Output the entries as they appear, skipping images.
*-*-*
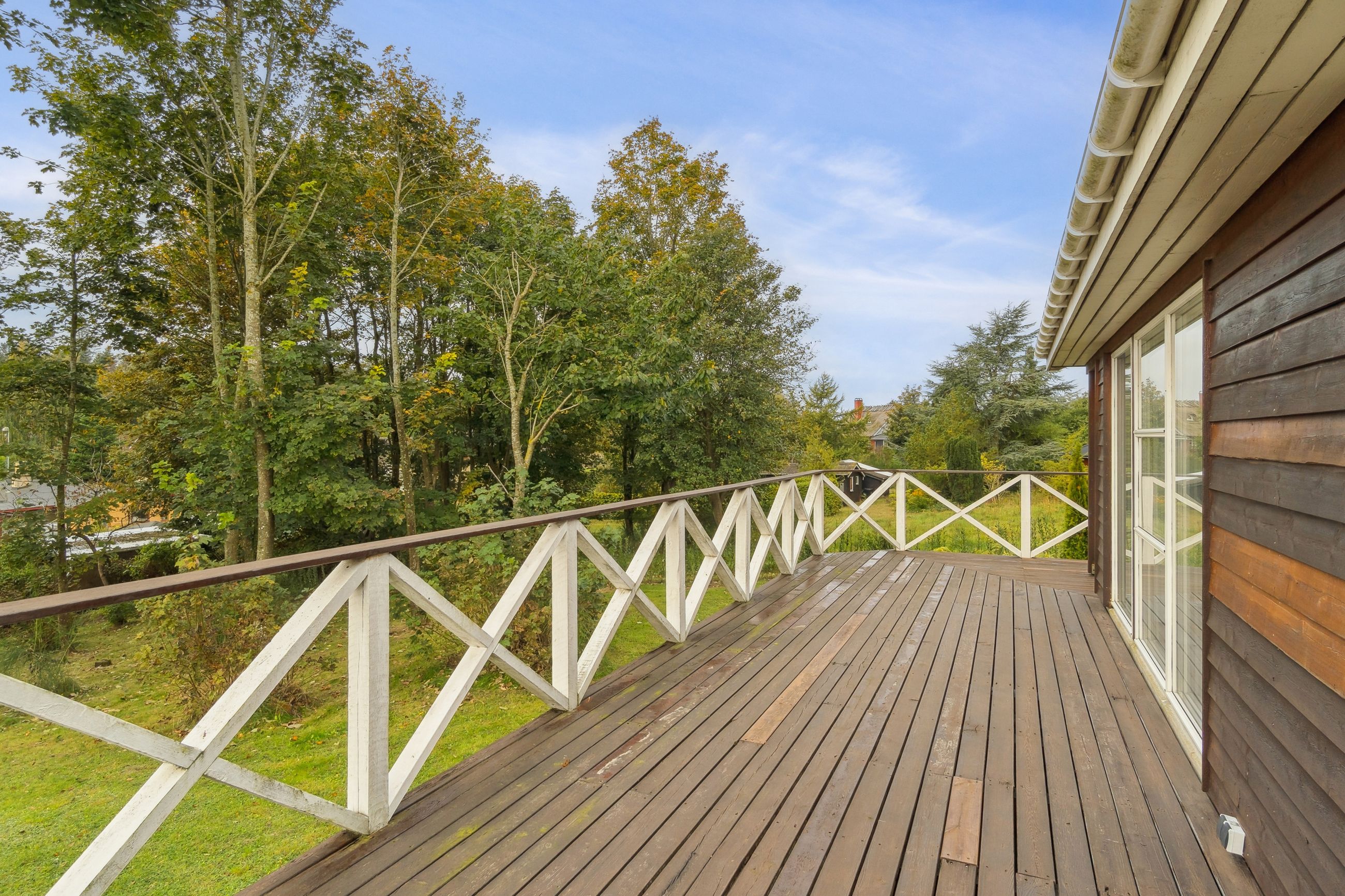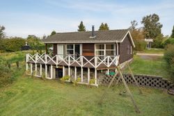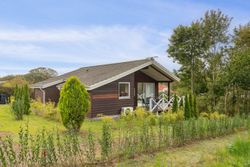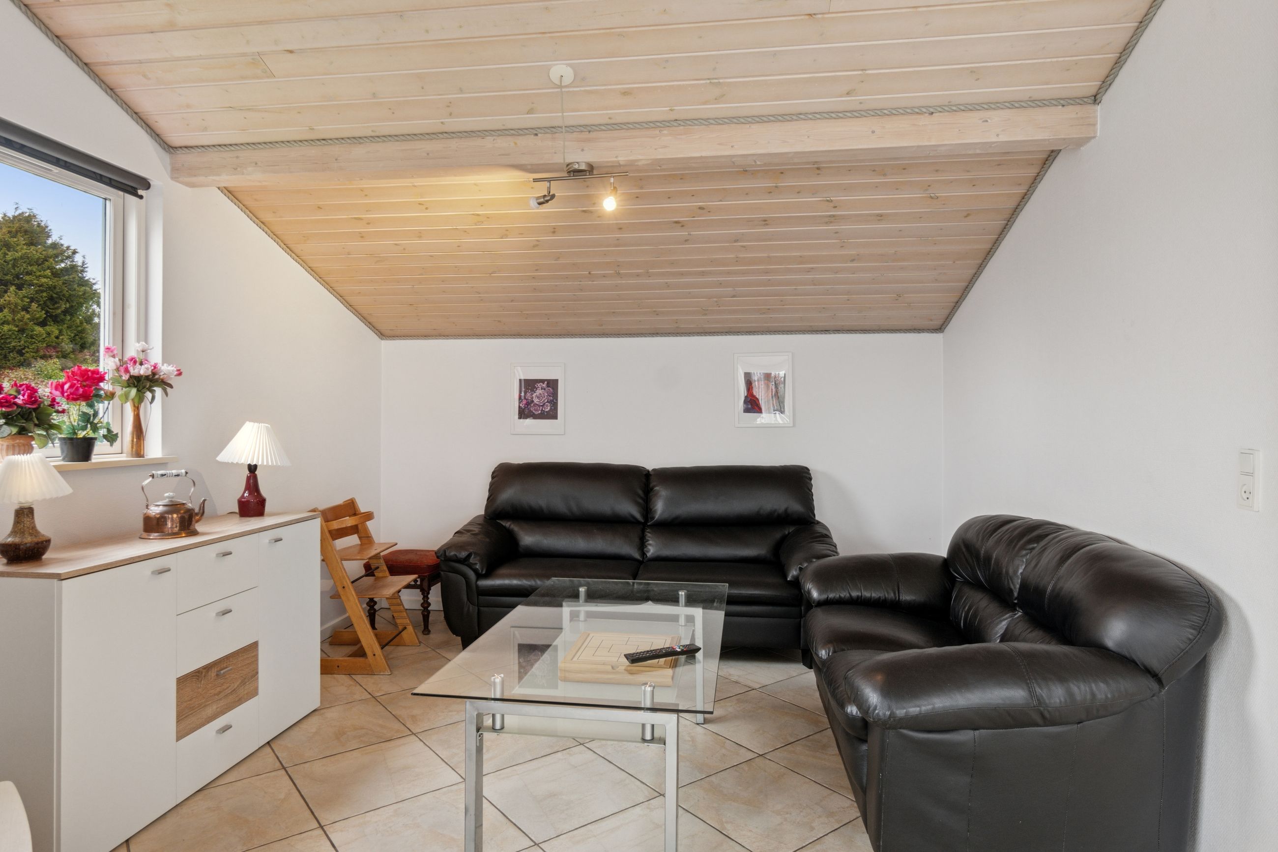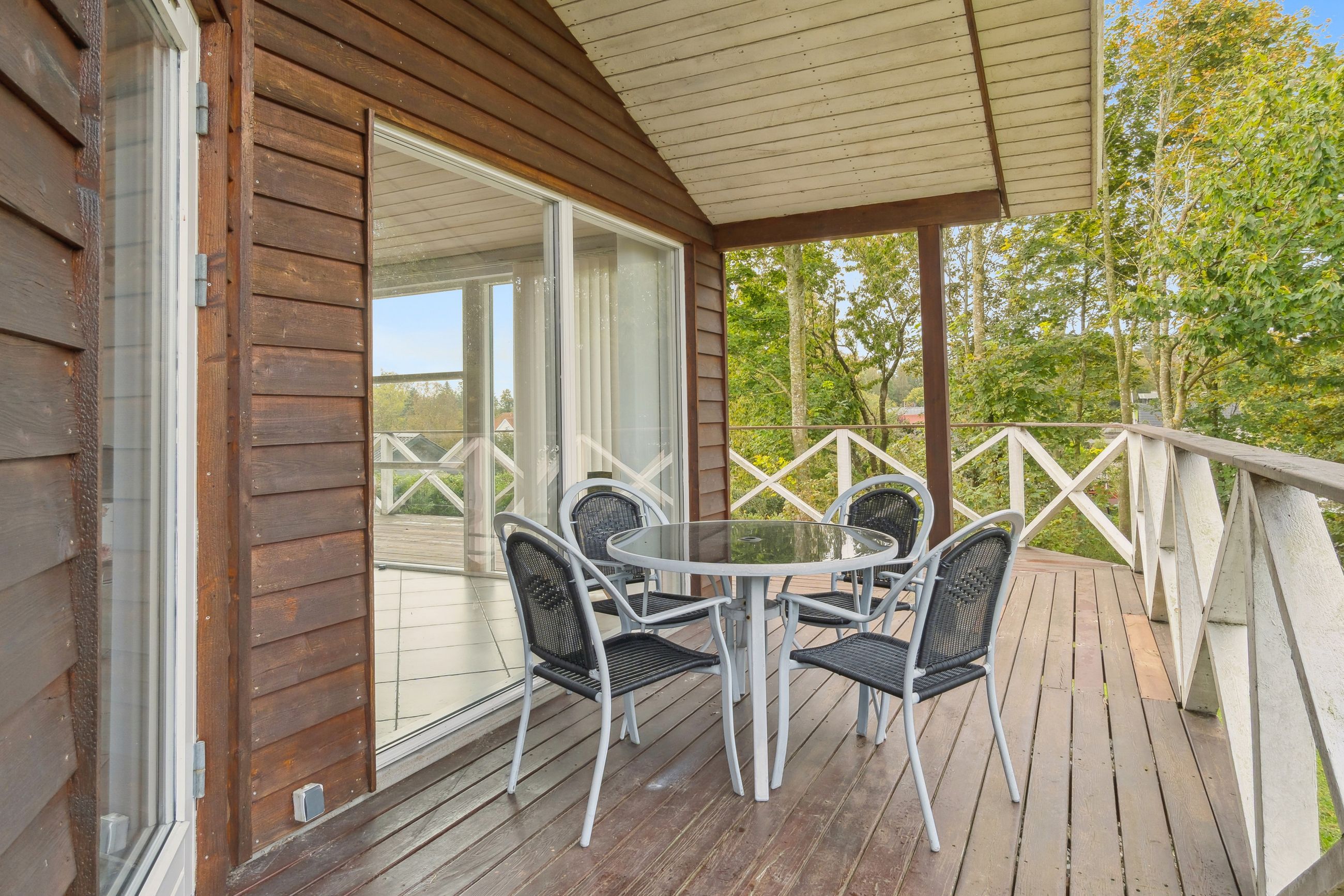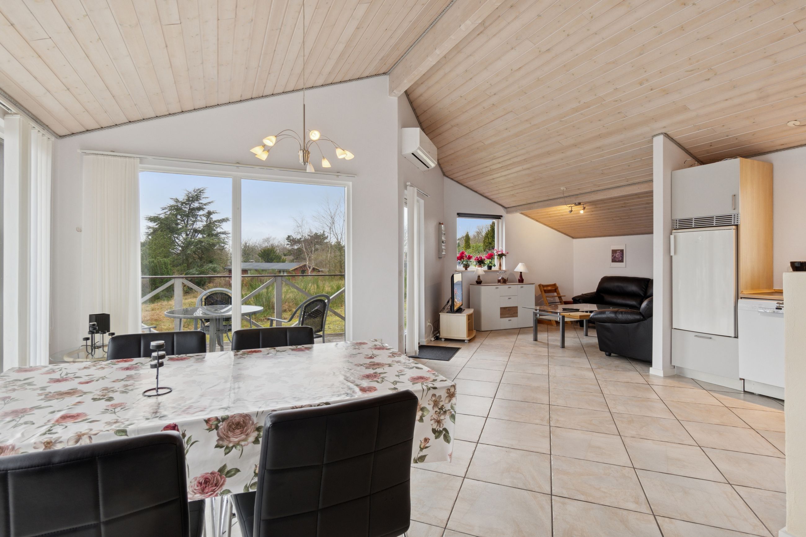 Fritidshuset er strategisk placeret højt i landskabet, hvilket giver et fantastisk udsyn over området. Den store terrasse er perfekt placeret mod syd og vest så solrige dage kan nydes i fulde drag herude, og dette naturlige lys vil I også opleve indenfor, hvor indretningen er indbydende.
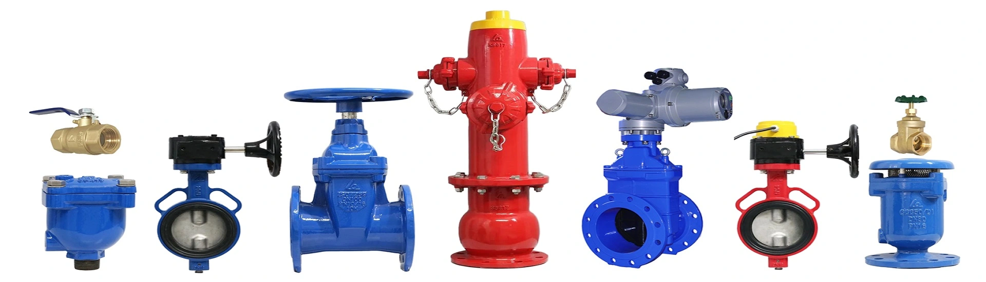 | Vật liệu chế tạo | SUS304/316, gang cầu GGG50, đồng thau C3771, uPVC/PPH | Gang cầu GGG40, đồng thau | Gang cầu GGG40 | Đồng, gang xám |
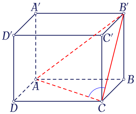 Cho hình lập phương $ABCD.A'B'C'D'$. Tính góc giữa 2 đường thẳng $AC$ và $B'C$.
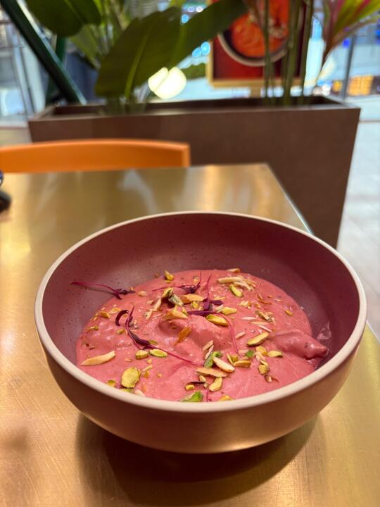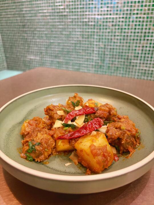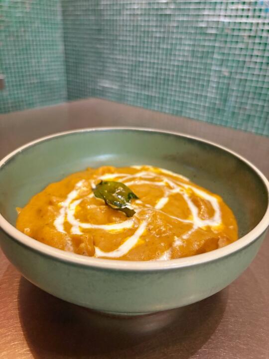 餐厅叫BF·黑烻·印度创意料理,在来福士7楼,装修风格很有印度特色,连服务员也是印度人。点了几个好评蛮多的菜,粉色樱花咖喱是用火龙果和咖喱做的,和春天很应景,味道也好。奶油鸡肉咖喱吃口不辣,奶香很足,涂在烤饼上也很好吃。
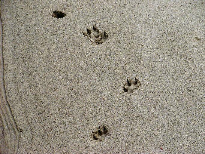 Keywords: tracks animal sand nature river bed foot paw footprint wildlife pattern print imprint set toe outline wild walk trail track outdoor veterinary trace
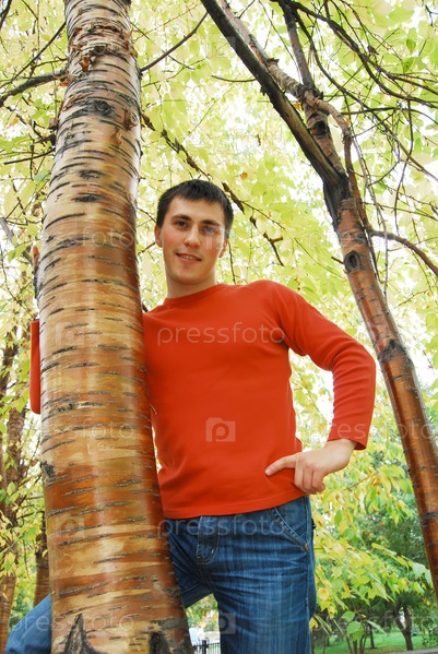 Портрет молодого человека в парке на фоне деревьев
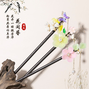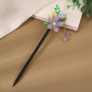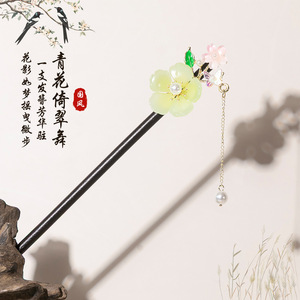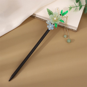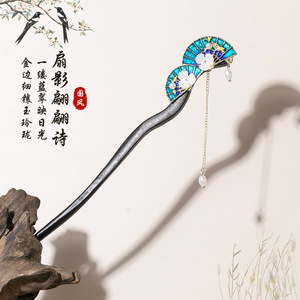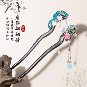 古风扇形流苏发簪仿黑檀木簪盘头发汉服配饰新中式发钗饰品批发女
*-*-*
Result below:
 Fritidshuset er strategisk placeret højt i landskabet, hvilket giver et fantastisk udsyn over området. Den store terrasse er perfekt placeret mod syd og vest så solrige dage kan nydes i fulde drag herude, og dette naturlige lys vil I også opleve indenfor, hvor indretningen er indbydende.
 | Vật liệu chế tạo | SUS304/316, gang cầu GGG50, đồng thau C3771, uPVC/PPH | Gang cầu GGG40, đồng thau | Gang cầu GGG40 | Đồng, gang xám |
 Cho hình lập phương $ABCD.A'B'C'D'$. Tính góc giữa 2 đường thẳng $AC$ và $B'C$.
 餐厅叫BF·黑烻·印度创意料理,在来福士7楼,装修风格很有印度特色,连服务员也是印度人。点了几个好评蛮多的菜,粉色樱花咖喱是用火龙果和咖喱做的,和春天很应景,味道也好。奶油鸡肉咖喱吃口不辣,奶香很足,涂在烤饼上也很好吃。
 Keywords: tracks animal sand nature river bed foot paw footprint wildlife pattern print imprint set toe outline wild walk trail track outdoor veterinary trace
 Портрет молодого человека в парке на фоне деревьев
 古风扇形流苏发簪仿黑檀木簪盘头发汉服配饰新中式发钗饰品批发女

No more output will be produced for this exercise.